Anti-apoptotic proteins such as B-cell lymphoma 2 (Bcl-2), B-cell lymphoma-extra large (Bcl-xl) and Mcl-1 are known to play key roles in cancer cell apoptosis. Therefore, we investigated the relationship between these anti-apoptotic proteins and CDDP resistance in GBC-SD cells. Interestingly, CDDP treatment increased Mcl-1 protein level in a time- and dose-dependent manner, but did not increase Bcl-2 or Bcl-xl protein amounts (Figure 3A). To determine if Mcl-1 is playing a role in the cytotoxic sensitivity of GBC-SD cells to CDDP, cells were transfected with two siRNA oligonucleotides targeting Mcl-1 (Figure 3B), followed by CDDP treatment for 24 hrs. Knock down of Mcl-1 increased CDDP-induced apoptosis (Figure 3C). We also observed that Mcl-1 protein level was higher in SP cells than that in main population (MP) cells (Figure 3D). These data suggest that Mcl-1 is partially responsible for CDDP resistance in GBC-SD and SP cells.
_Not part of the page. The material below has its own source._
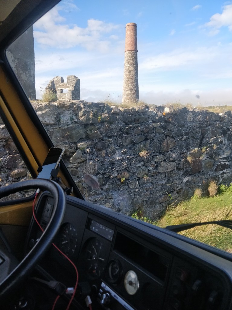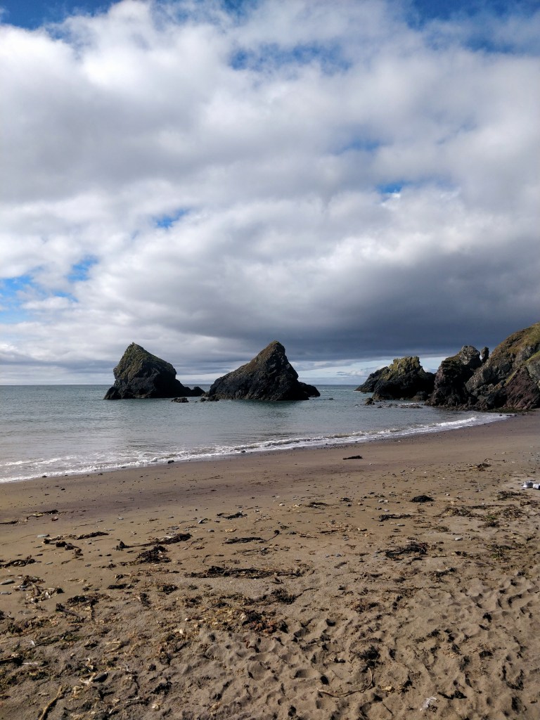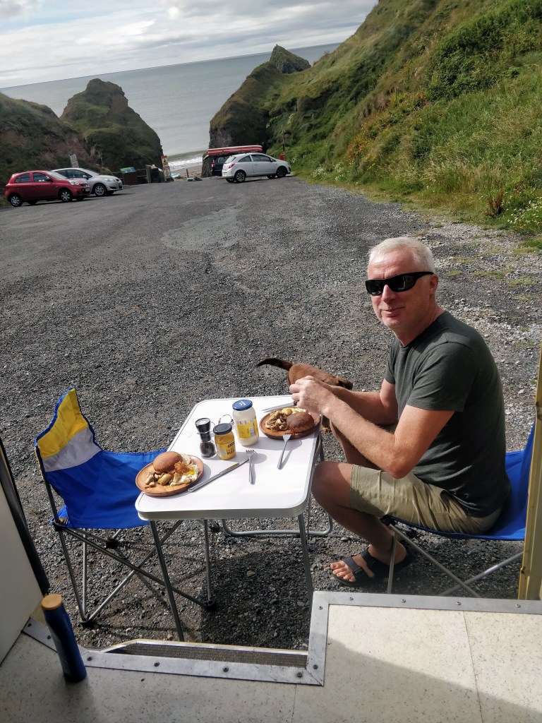 We parked for the night at the viewing point at Dunbrattin Head, a headland of fossils and prehistoric forts. There should have been stunning views but the rain was running down the windscreen and the wind was buffeting the campervan and it felt strangely like being in a boat out at sea. But it was somehow soothing, we slept well and in the morning (Sunday was a spectacularly beautiful day), the views were revealed as a landscape shaped by fire and ice and sea,

PEITC enhances the cytotoxicity of CDDP through proteasomal degradation of Mcl-1 in vitro and in vivo

To better understand the mechanism of how PEITC overcomes CDDP resistance, we analyzed Mcl-1 protein level in lysates from GBC-SD cells treated with PEITC and/or CDDP. PEITC treatment decreased Mcl-1 expression in a time- and dose-dependent manner (Figure 4A–4B). Notably, combined treatment with PEITC and CDDP significantly decreased Mcl-1 protein level compared to CDDP alone (Figure 4C). In SP cells, the PEITC-CDDP treatment also lead to a significant decrease in Mcl-1 protein level compared to treatment only with CDDP (Figure 4D). To investigate the effect of PEITC-CDDP treatment on Mcl-1 protein level in vivo, tumor tissues harvested from two mice of each group were examined by immunoblotting. PEITC and/or CDDP-mediated changes in Mcl-1 protein level in the tumor tissue were generally in agreement with the molecular alteration observed in cultured cells (Figure 4E). Furthermore, exogenous overexpression of Mcl-1 impeded PEITC-CDDP-induced apoptosis (Figure 4F–4G). These data suggest that PEITC enhances the cytotoxicity of CDDP through a reduction in Mcl-1 in vitro and in vivo.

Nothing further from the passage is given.